JACKSONVILLE, Fla. – Drugmaker Merck asked U.S. regulators Monday to authorize its pill for treating COVID-19 in what would add an entirely new and easy-to-use weapon to the world’s arsenal against the pandemic.
If cleared by the Food and Drug Administration — a decision that could come in a matter of weeks — it would be the first pill shown to treat the illness. All other FDA-backed treatments against COVID-19 require an IV or injection.
The FDA will scrutinize company data on the safety and effectiveness of the drug, molnupiravir, before rendering a decision.
Merck and its partner Ridgeback Biotherapeutic said they specifically asked the agency to grant emergency use for adults with mild-to-moderate COVID-19 who are at risk for severe disease or hospitalization. That is roughly the way COVID-19 infusion drugs are used.
The company reported earlier this month that the antiviral pill cut hospitalizations and deaths by half among patients with early symptoms of COVID-19. The results were so strong that independent medical experts monitoring the trial recommended stopping it early.
Side effects were similar between patients who got the drug and those in a testing group who received a dummy pill. But Merck has not publicly detailed the types of problems reported, which will be a key part of the FDA’s review.
“So, basically, what it’s doing is it’s working on the virus’s RNA to prevent it from replicating. So, if a virus cannot replicate in your body, it cannot survive,” said Dr. Sunil Joshi, president of the Duval County Medical Society Foundation.
The treatment would be given as four pills taken twice a day for five days. The goal is for something similar to Tamiflu, the 20-year-old flu medication that shortens the illness by a day or two and blunts the severity of symptoms like fever, cough and stuffy nose.
“This is going to be much, much more convenient than the monoclonal and significantly less expensive — the kind of thing you can prescribe and, hopefully, have at a pharmacy to just pick up,” Joshi said.
Three FDA-authorized antibody drugs have proved highly effective at reducing COVID-19 deaths, but they are expensive, hard to produce and require specialty equipment and health professionals to deliver.

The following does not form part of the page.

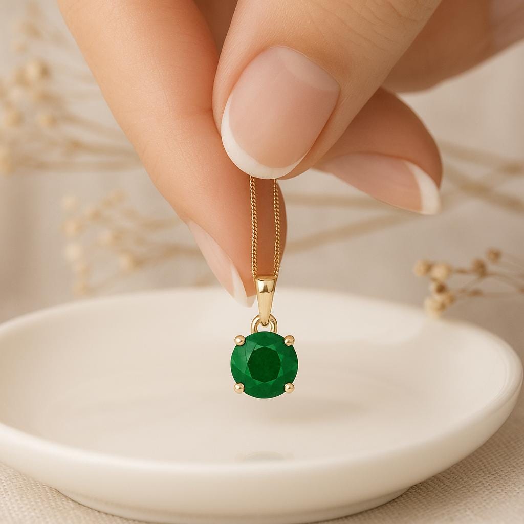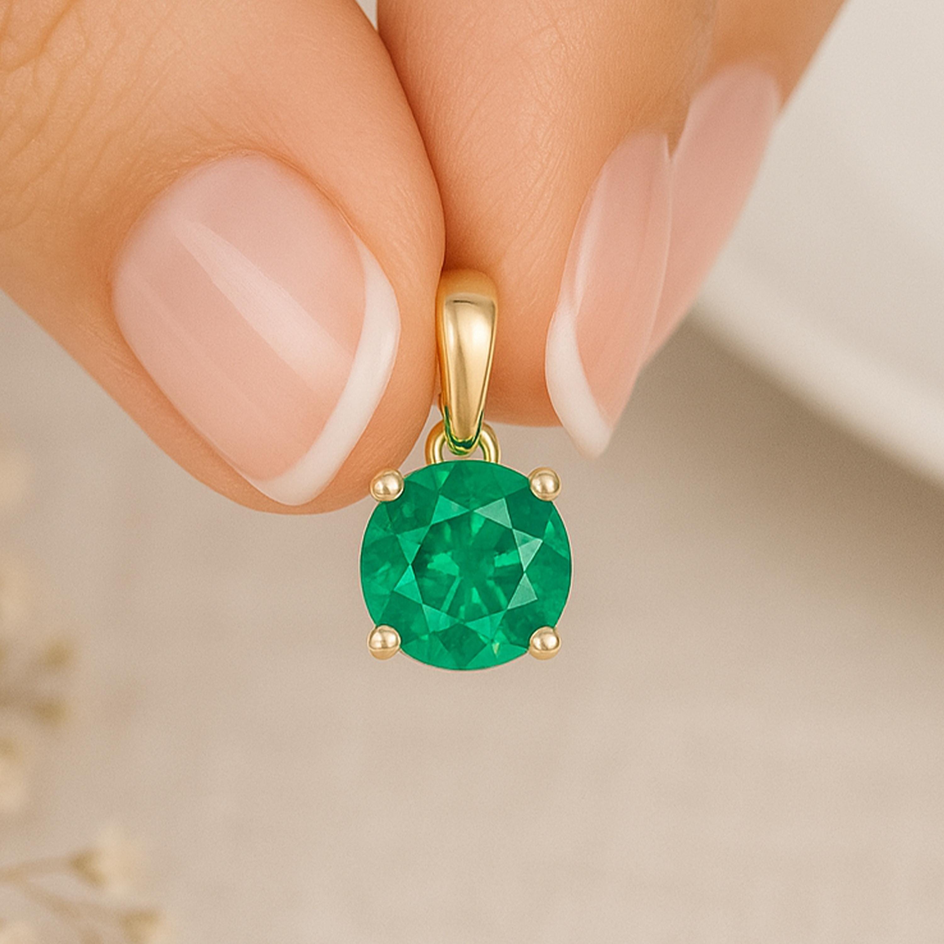 Timeless, vibrant, and deeply symbolic — this natural green emerald pendant is set in solid 9ct yellow gold and catches the light with its classic round cut. A stone of wisdom and renewal, emerald is also the birthstone for May and a powerful talisman of the heart.

Assuming FDA authorization, the U.S. government has agreed to buy enough of the pills to treat 1.7 million people, at a price of roughly $700 for each course of treatment. That’s less than half the price of the antibody drugs purchased by the U.S. government — over $2,000 per infusion — but still more expensive than many antiviral pills for other conditions.
Top U.S. health officials continue to push vaccinations as the best way to protect against COVID-19. Joshi said he hopes people will continue to get vaccinated.
“Prevention is first and foremost for any disease process,” Joshi said. “But if you do get the virus, it’s good to have other treatment options that are more convenient and more readily available.”